What the task asks
Using the listing below, print the line containing "Classic Pajamas Set: Casual", the line containing "Egg salad is often", and each line between them, exactly and nothing else. Pictures stay out of the print.

Given data

--- --- ---

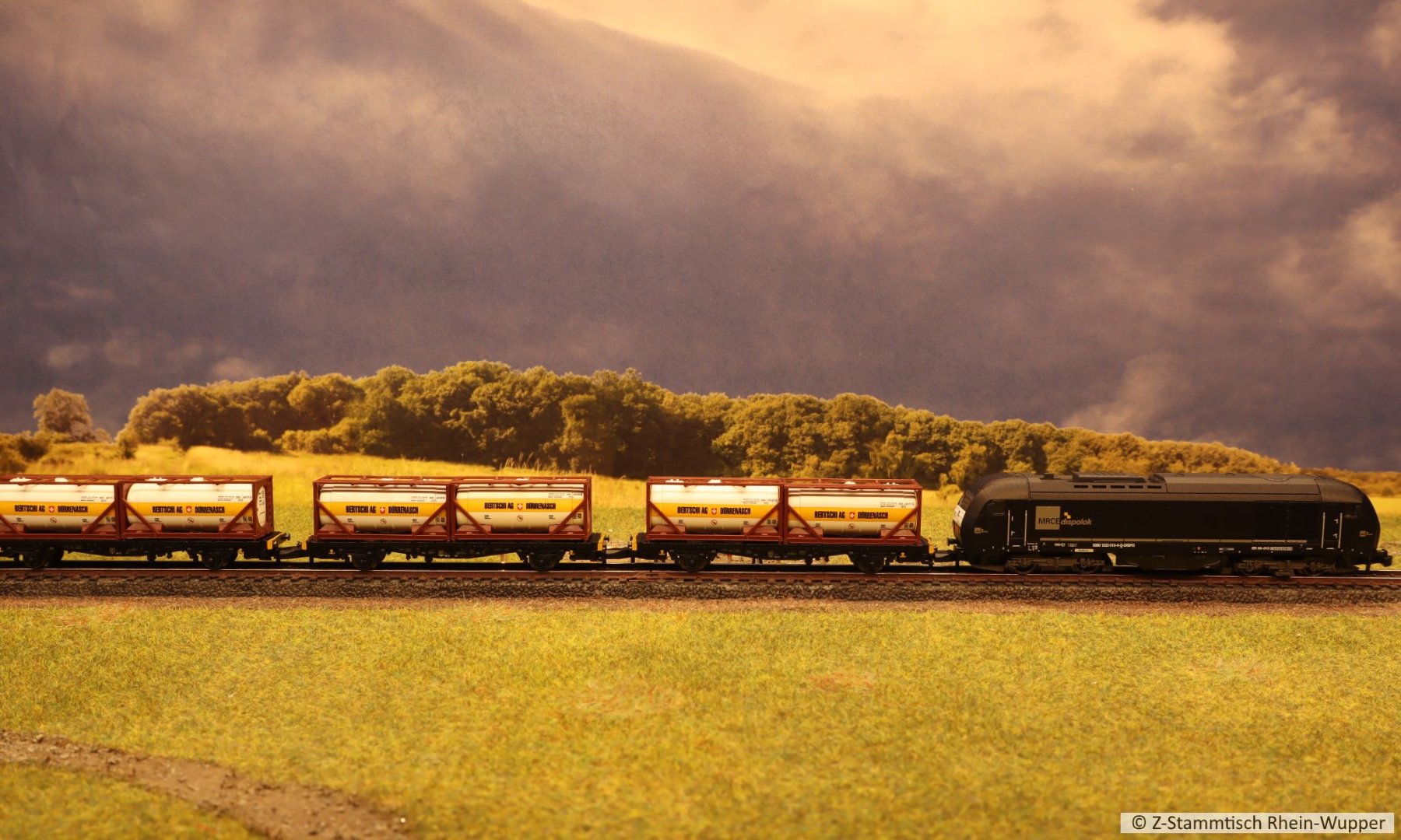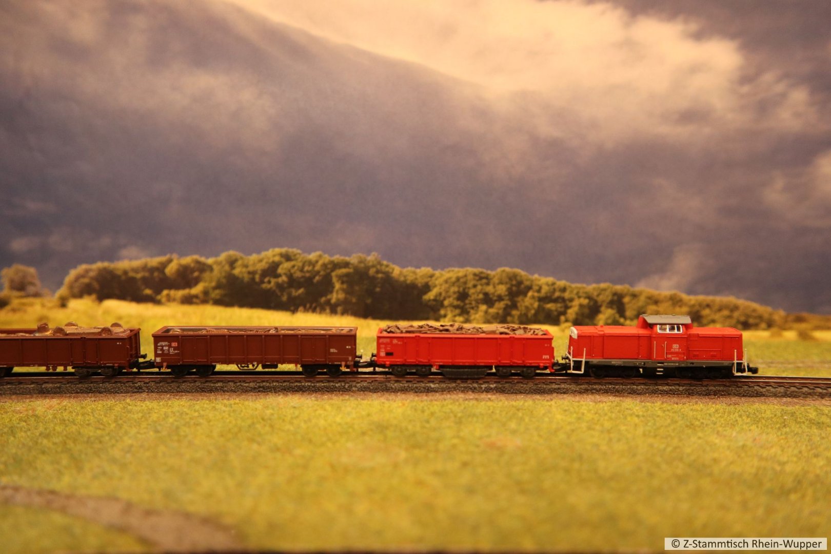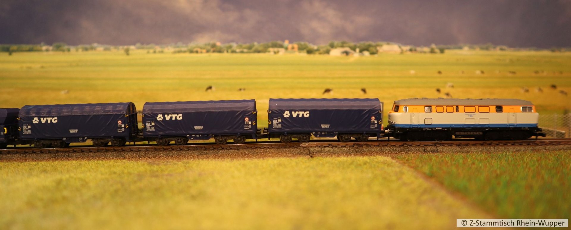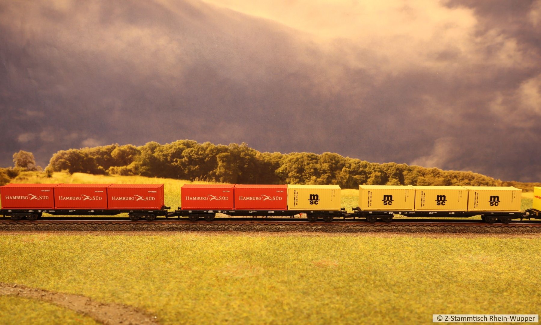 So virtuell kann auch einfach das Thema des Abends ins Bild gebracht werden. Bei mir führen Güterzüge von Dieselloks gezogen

--- --- ---

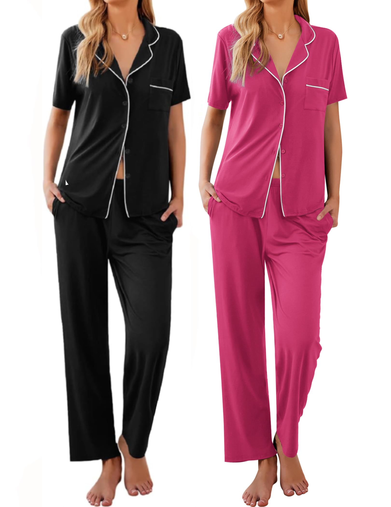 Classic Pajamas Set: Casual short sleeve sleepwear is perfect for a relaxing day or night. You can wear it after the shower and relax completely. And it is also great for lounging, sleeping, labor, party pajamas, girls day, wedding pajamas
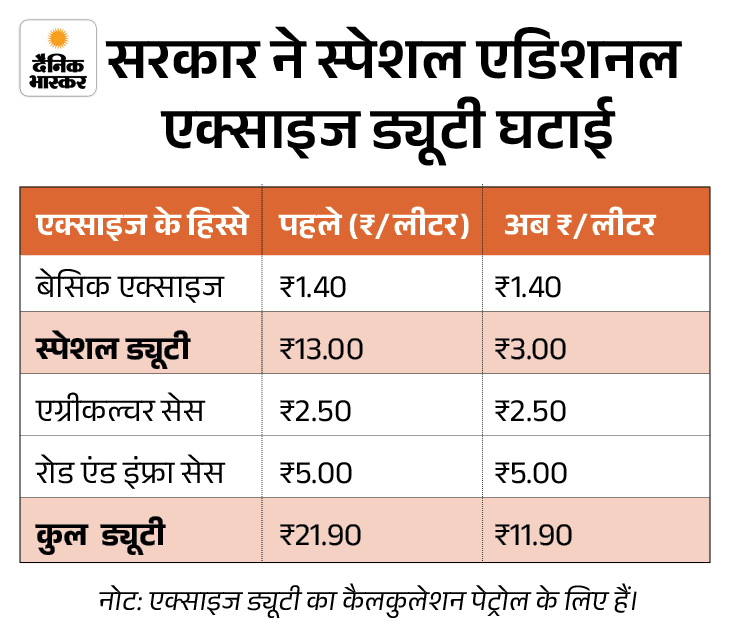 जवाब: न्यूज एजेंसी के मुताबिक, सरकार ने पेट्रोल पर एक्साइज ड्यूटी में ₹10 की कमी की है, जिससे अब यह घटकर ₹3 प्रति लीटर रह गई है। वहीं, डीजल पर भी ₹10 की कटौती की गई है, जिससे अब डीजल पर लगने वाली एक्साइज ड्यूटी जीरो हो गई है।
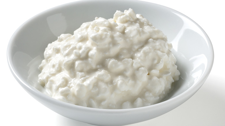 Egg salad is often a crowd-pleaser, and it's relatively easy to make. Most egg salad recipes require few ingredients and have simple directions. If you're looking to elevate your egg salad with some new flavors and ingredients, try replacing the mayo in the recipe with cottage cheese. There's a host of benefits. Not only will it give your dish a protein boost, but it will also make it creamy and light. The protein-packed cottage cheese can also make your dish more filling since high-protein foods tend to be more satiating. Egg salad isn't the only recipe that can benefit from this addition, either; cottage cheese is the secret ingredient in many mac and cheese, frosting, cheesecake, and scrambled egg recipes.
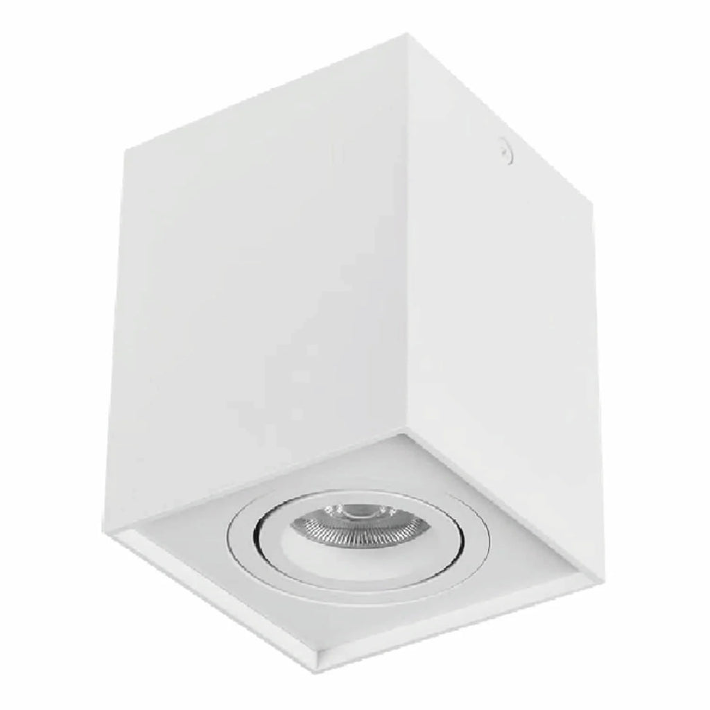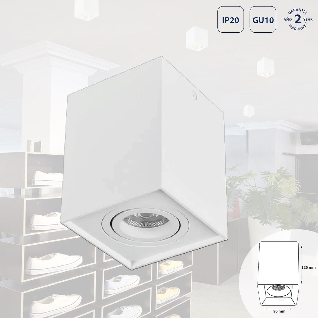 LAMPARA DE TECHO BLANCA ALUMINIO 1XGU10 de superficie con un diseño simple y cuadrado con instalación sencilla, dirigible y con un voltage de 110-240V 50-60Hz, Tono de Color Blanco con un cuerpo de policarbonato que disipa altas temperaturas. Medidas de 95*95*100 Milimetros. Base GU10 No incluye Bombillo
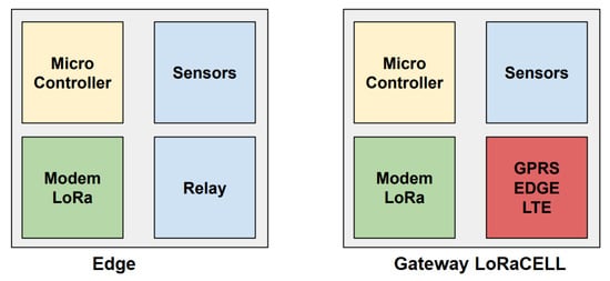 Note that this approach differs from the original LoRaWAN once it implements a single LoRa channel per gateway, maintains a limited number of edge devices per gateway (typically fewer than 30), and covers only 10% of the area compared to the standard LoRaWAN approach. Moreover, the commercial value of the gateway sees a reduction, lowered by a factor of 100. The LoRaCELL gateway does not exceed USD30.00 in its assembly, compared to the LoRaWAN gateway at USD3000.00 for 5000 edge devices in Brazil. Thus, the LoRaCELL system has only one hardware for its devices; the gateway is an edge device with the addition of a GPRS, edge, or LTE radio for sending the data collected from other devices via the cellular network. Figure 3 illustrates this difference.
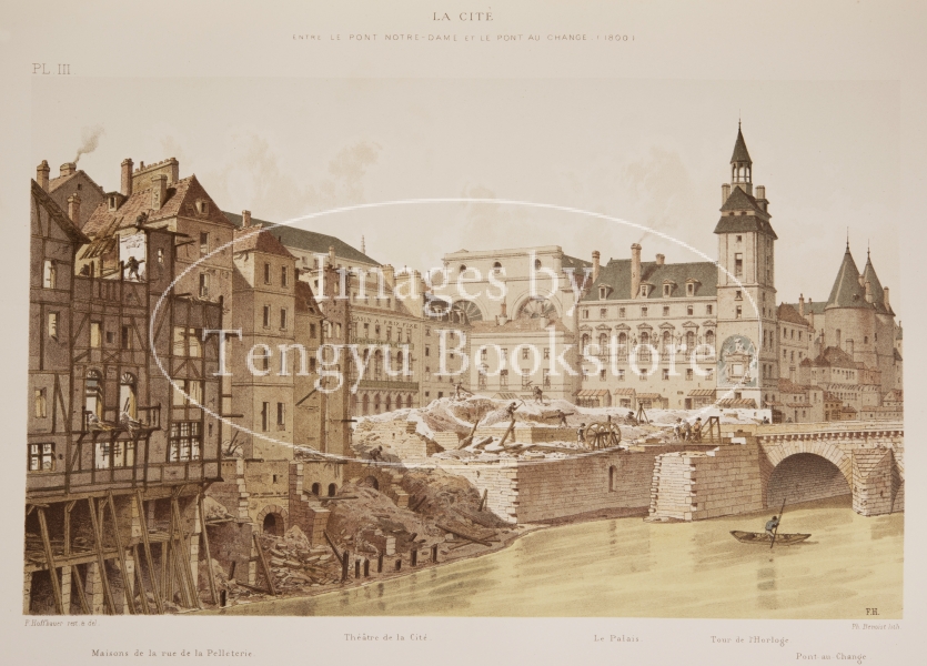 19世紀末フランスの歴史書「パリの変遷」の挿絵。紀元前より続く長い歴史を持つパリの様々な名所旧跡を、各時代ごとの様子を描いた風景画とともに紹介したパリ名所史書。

--- --- ---

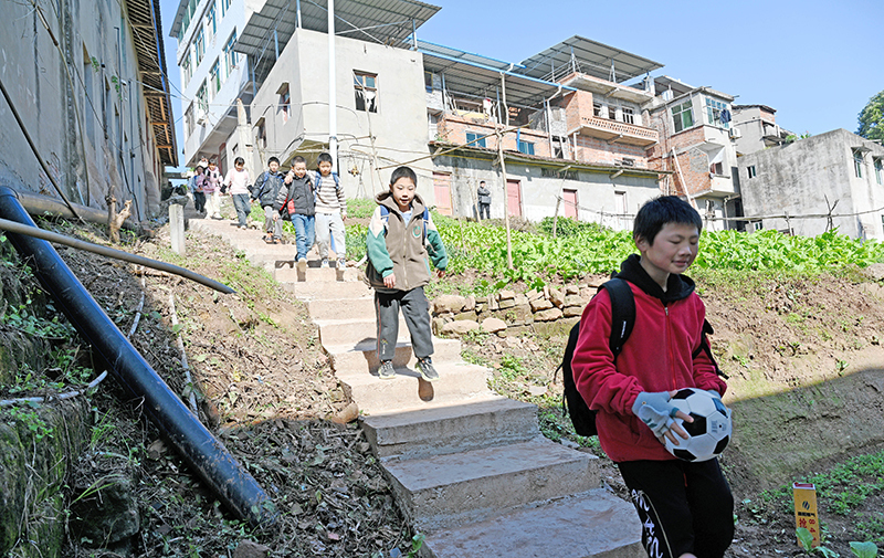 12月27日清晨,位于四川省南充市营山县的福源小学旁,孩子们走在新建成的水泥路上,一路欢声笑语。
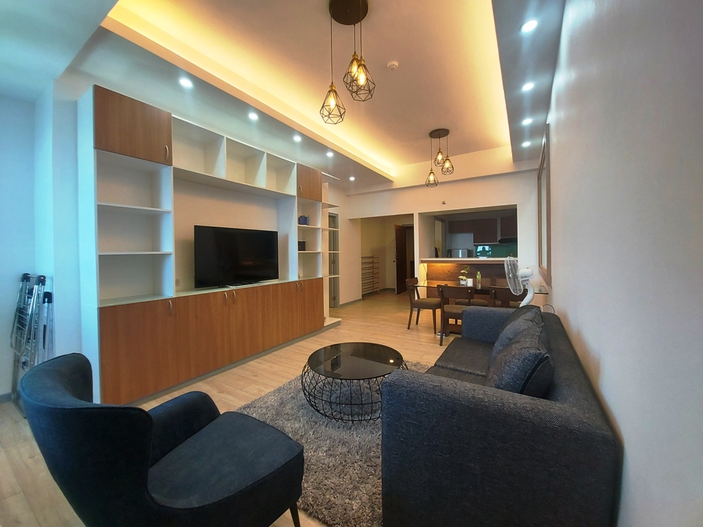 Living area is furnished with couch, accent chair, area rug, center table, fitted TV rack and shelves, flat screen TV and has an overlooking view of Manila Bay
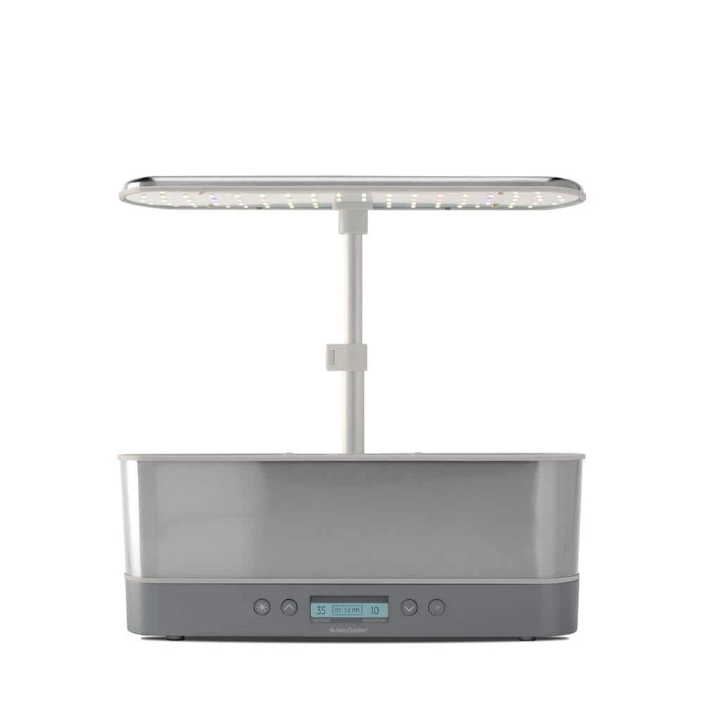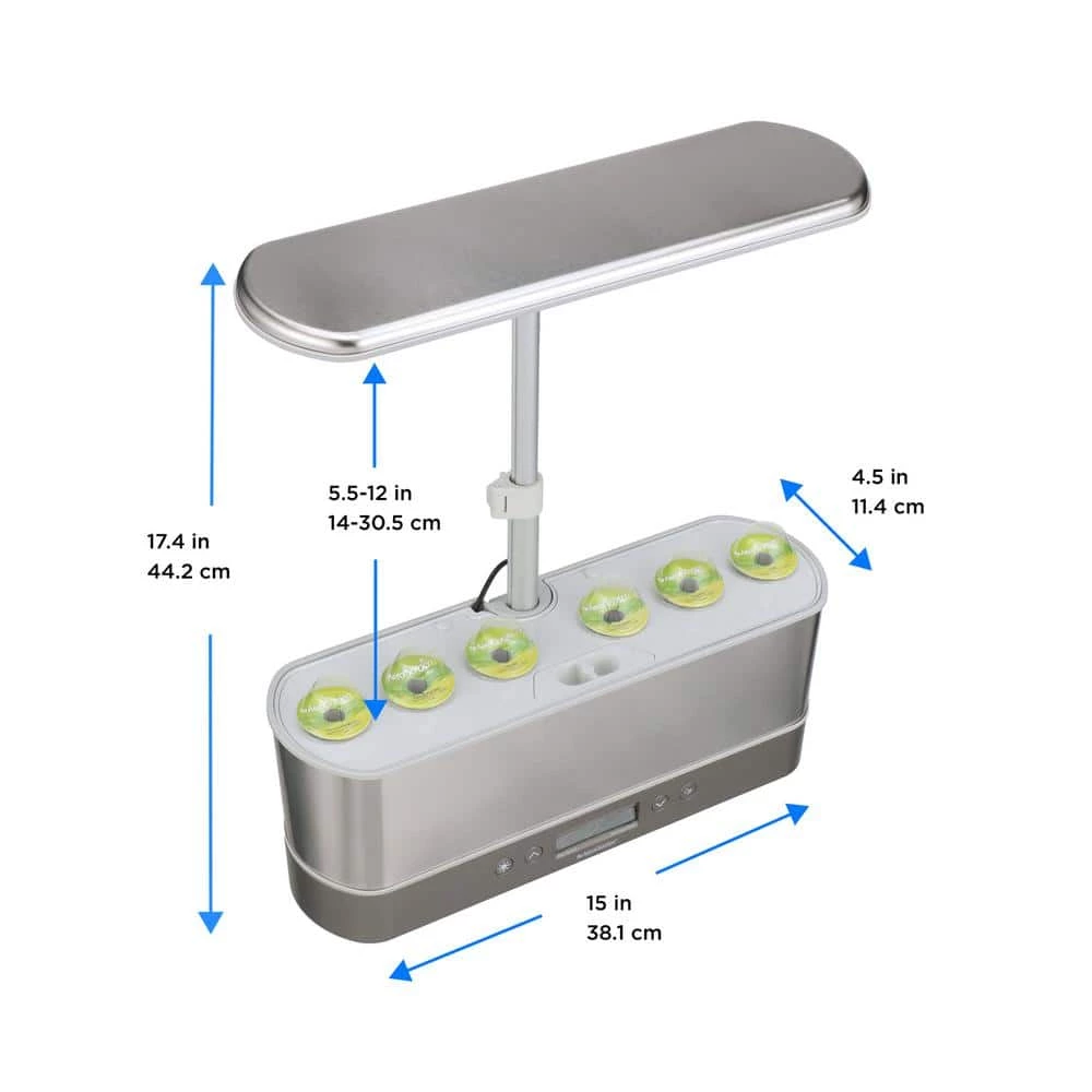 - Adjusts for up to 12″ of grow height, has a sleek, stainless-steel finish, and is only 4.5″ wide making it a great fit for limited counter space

--- --- ---

Response to the task
 Classic Pajamas Set: Casual short sleeve sleepwear is perfect for a relaxing day or night. You can wear it after the shower and relax completely. And it is also great for lounging, sleeping, labor, party pajamas, girls day, wedding pajamas
 जवाब: न्यूज एजेंसी के मुताबिक, सरकार ने पेट्रोल पर एक्साइज ड्यूटी में ₹10 की कमी की है, जिससे अब यह घटकर ₹3 प्रति लीटर रह गई है। वहीं, डीजल पर भी ₹10 की कटौती की गई है, जिससे अब डीजल पर लगने वाली एक्साइज ड्यूटी जीरो हो गई है।
 Egg salad is often a crowd-pleaser, and it's relatively easy to make. Most egg salad recipes require few ingredients and have simple directions. If you're looking to elevate your egg salad with some new flavors and ingredients, try replacing the mayo in the recipe with cottage cheese. There's a host of benefits. Not only will it give your dish a protein boost, but it will also make it creamy and light. The protein-packed cottage cheese can also make your dish more filling since high-protein foods tend to be more satiating. Egg salad isn't the only recipe that can benefit from this addition, either; cottage cheese is the secret ingredient in many mac and cheese, frosting, cheesecake, and scrambled egg recipes.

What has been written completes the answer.